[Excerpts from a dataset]
Content starts
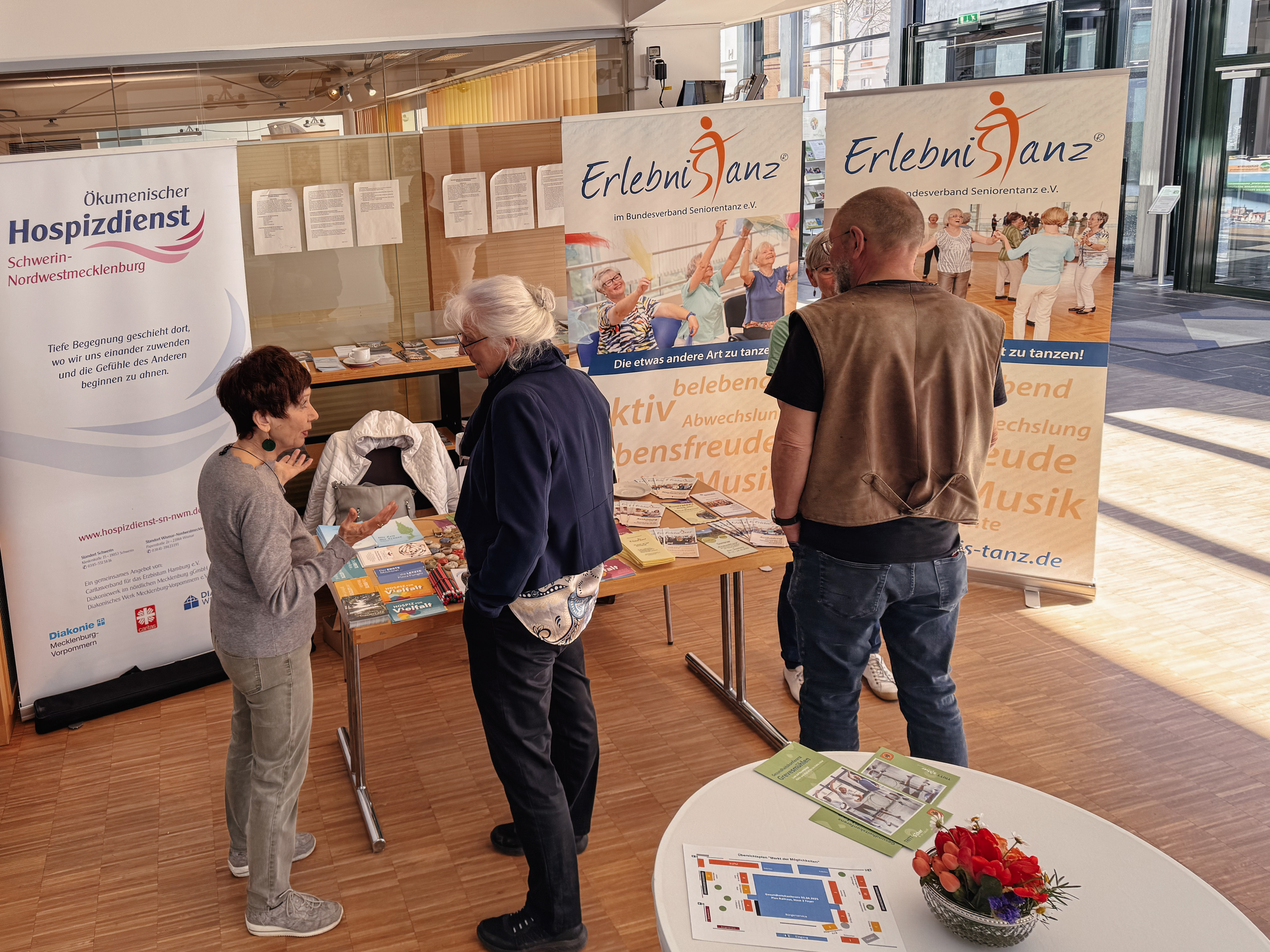 Markt der Möglichkeiten - Freuen Sie sich auf Themenstände verschiedener Einrichtungen, Vereine und Ansprechpartner. Probieren Sie z.B. die Trittsicher-Pedalos aus und lernen Sie ellio kennen- ein innovativer Inaktivitätsmelder für Senioren oder Alleinlebende.
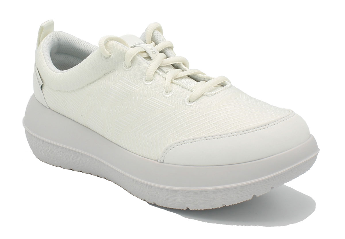 Gehen Sie entspannt und lassen sich verwöhnen von den elastisch-federnden Luftkissensohlen Kybun Strato wie auf einem Trampolin. Schon nach dem Einstieg in die Damen Kybun Baum White Luftkissenschuhen werden Sie das Besondere dieser Gesundheitsschuhe spüren und begeistert sein, denn die Luftkissensohlen entlasten Ihre schmerzenden Füße mit einem weich gedämpften Auftritt. Aufgrund der breiteren Sohlen stehen Sie sicher und lassen beim Gehen die Sohlen stabil abrollen. Hierbei erleben Sie wie auf einem Trampolin den entspannenden und trainierenden Effekt der Kybun Strato Luftkissensohlen. Die elastisch-federnden PU Sohlen trainieren Ihre Muskulatur und entlasten mit entspannten Schritten zugleich Ihren Körper. Wir empfehlen: Ziehen Sie die Kybun Komfortschuhe für Frauen an, gehen los, genießen Sie das einzigartige Laufgefühl. Gleichzeitig profitiert Ihr Körper von einem integrierten Training.
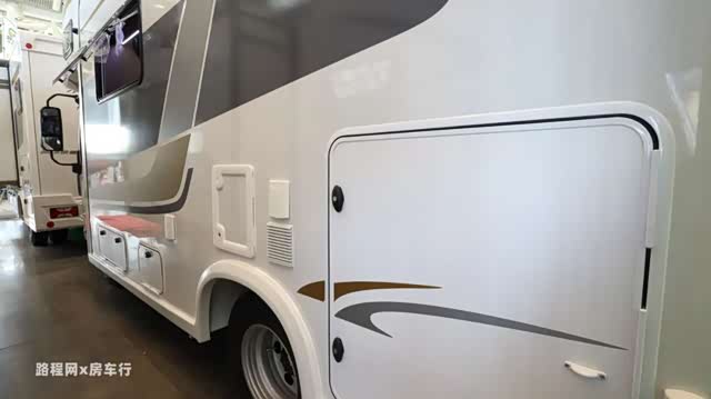 车身外部配置方面,整车配置有3.5m遮阳篷、电动踏步、水电接口、工具仓、自行车架、后爬梯和超大贯储物仓。此外,车尾下方是还设计了三孔拖车杠和支腿。
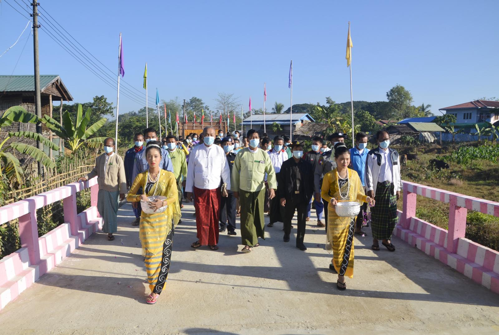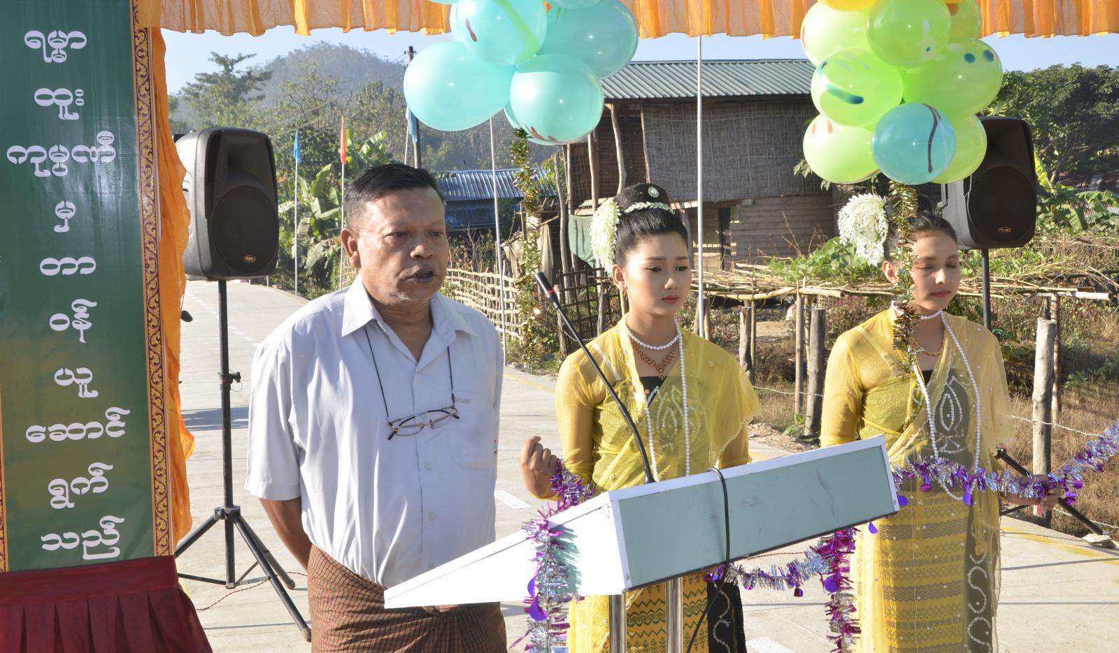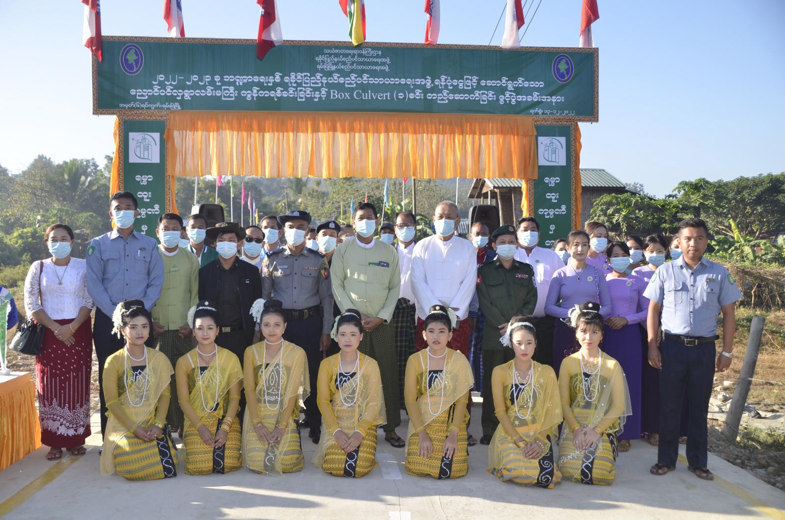 ဆက်လက်ပြီး ကွန်းကရစ်လမ်းသစ်နှင့် Box Culvert သစ်ဖွင့်ပွဲ အထိမ်းအမှတ်အလံငယ်အား မြို့နယ်စည်သာရေးအဖွဲ့အမှုဆောင်အရာရှိ ဦးဇေယျာဖြိုးမှ မြို့နယ်စီမံအုပ်ချုပ်ရေးအဖွဲ့ ဦးခင်မောင်သန်းထံသို့ ပေးအပ်ပြီးနောက် မြို့နယ်စီမံအုပ်ချုပ်ရေးအဖွဲ့ဥက္ကဋ္ဌ ဦးခင်မေင်သန်း၊ အမှုဆောင်အရာရှိ ဦးဇေယျာဖြိုးနှင့် မြို့မိမြို့ဖ ဦးအောင်စိုးတို့က ဖဲကြိုးဖွင့်လှစ်ပေးကြသည်။
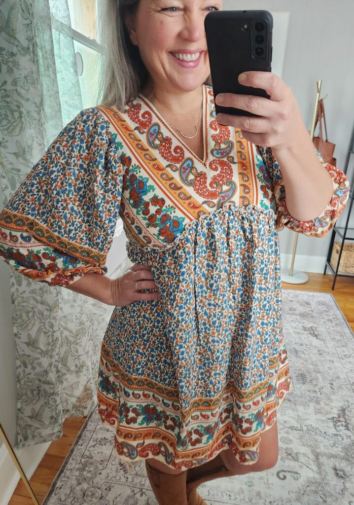 Jamie here – I got this dress in the Apricot and like it so much I ordered in the teal as well. I think it would be SO cute for country music concerts, especially with cowboy boots!
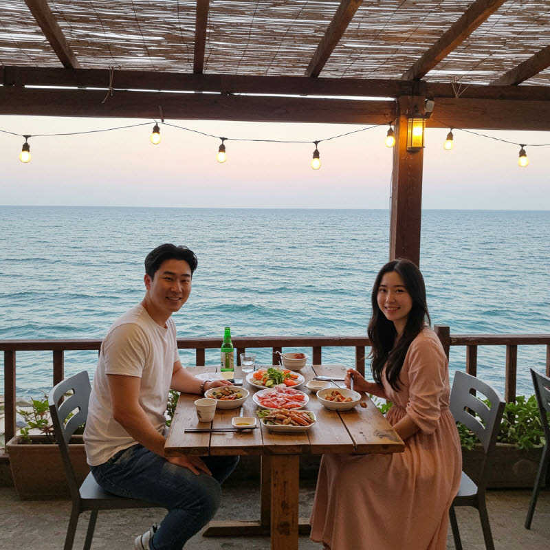 - 저녁: 낭만포차 거리에서 여수 밤바다를 바라보며 해산물 삼합과 여수밤바다 소주를 즐겨보세요.
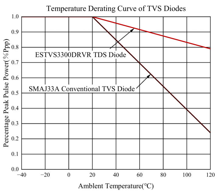 传统TVS二极管虽被设计成可以在广泛的温度范围内工作,但高温环境下仍需要考虑浪涌事件期间是否会超过TVS二极管的最大额定功率,避免器件产生热损坏。并且由于TVS自身耗散功耗大于TDS,其泄放电流时会增加自身温度,从而导致额定功率下降。图1显示了ESTVS3300DRVR和SMAJ33A在环境温度范围内8/20μs PPP的降额曲线,传统TVS二极管额定耗散功率随着环境温度的升高而急剧降低,其对温度变化非常敏感,这对于后端系统防护存在重大安全隐患。在TDS系列中,钳位电压的闭环调节可以保证器件在不同温度下的额定功率的稳定性。这意味着与传统TVS二极管相比,温度的降额非常小,从而有效保证整体系统的可靠性。
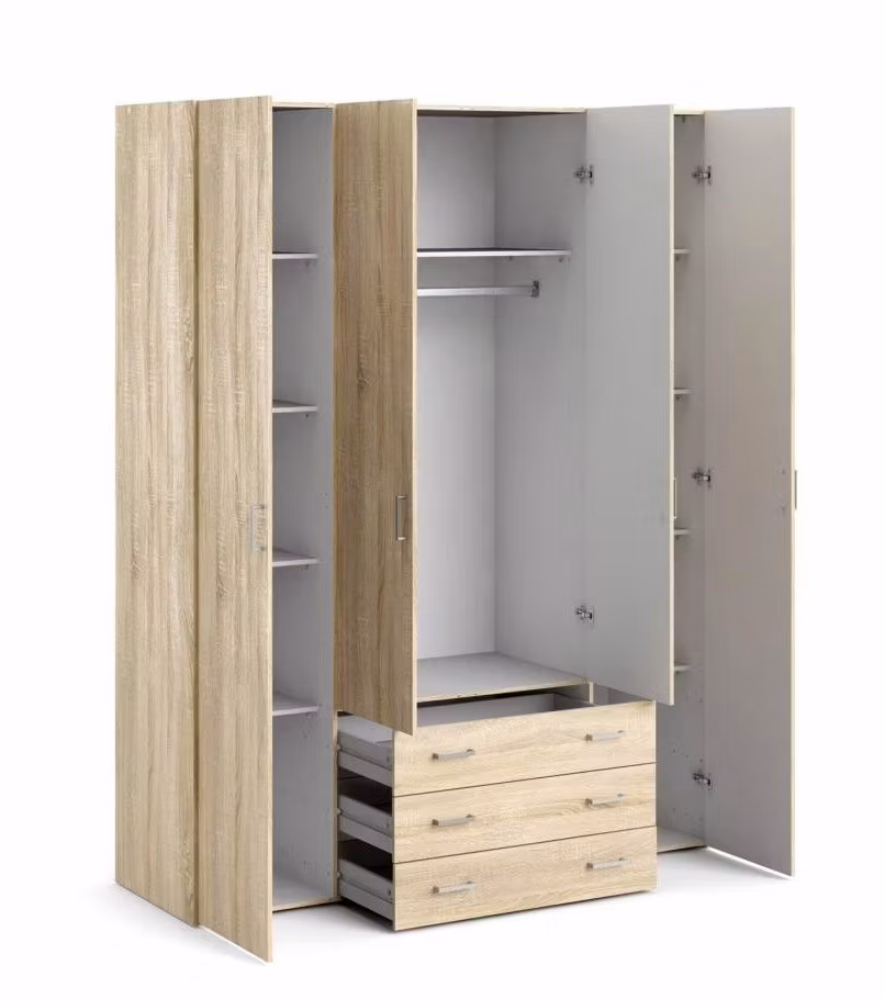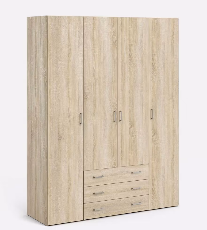 SPACE 70410 EK Garderob med 4 dörrar och 3 lådor Höjd: 200,5 cm, bredd: 154 cm, djup: 49,5 cm. Basmaterial: möbelskiva, melaminfolie. Dessa produkter
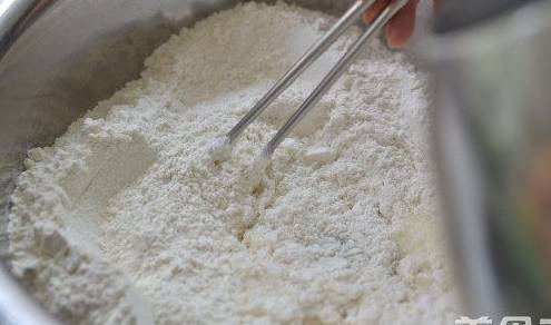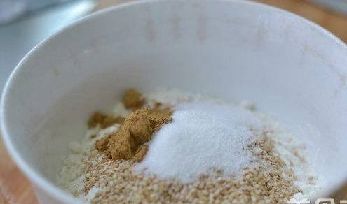 碗中加入面粉80克、芝麻20克、五香粉5克、食盐10克
Content ends
# Task details
Which part of the entries opens with the line containing "- 저녁: 낭만포차 거리에서" and closes with the line containing "SPACE 70410 EK"? Output that part exactly, ends included, pictures excluded.

# Expected output
 - 저녁: 낭만포차 거리에서 여수 밤바다를 바라보며 해산물 삼합과 여수밤바다 소주를 즐겨보세요.
 传统TVS二极管虽被设计成可以在广泛的温度范围内工作,但高温环境下仍需要考虑浪涌事件期间是否会超过TVS二极管的最大额定功率,避免器件产生热损坏。并且由于TVS自身耗散功耗大于TDS,其泄放电流时会增加自身温度,从而导致额定功率下降。图1显示了ESTVS3300DRVR和SMAJ33A在环境温度范围内8/20μs PPP的降额曲线,传统TVS二极管额定耗散功率随着环境温度的升高而急剧降低,其对温度变化非常敏感,这对于后端系统防护存在重大安全隐患。在TDS系列中,钳位电压的闭环调节可以保证器件在不同温度下的额定功率的稳定性。这意味着与传统TVS二极管相比,温度的降额非常小,从而有效保证整体系统的可靠性。
 SPACE 70410 EK Garderob med 4 dörrar och 3 lådor Höjd: 200,5 cm, bredd: 154 cm, djup: 49,5 cm. Basmaterial: möbelskiva, melaminfolie. Dessa produkter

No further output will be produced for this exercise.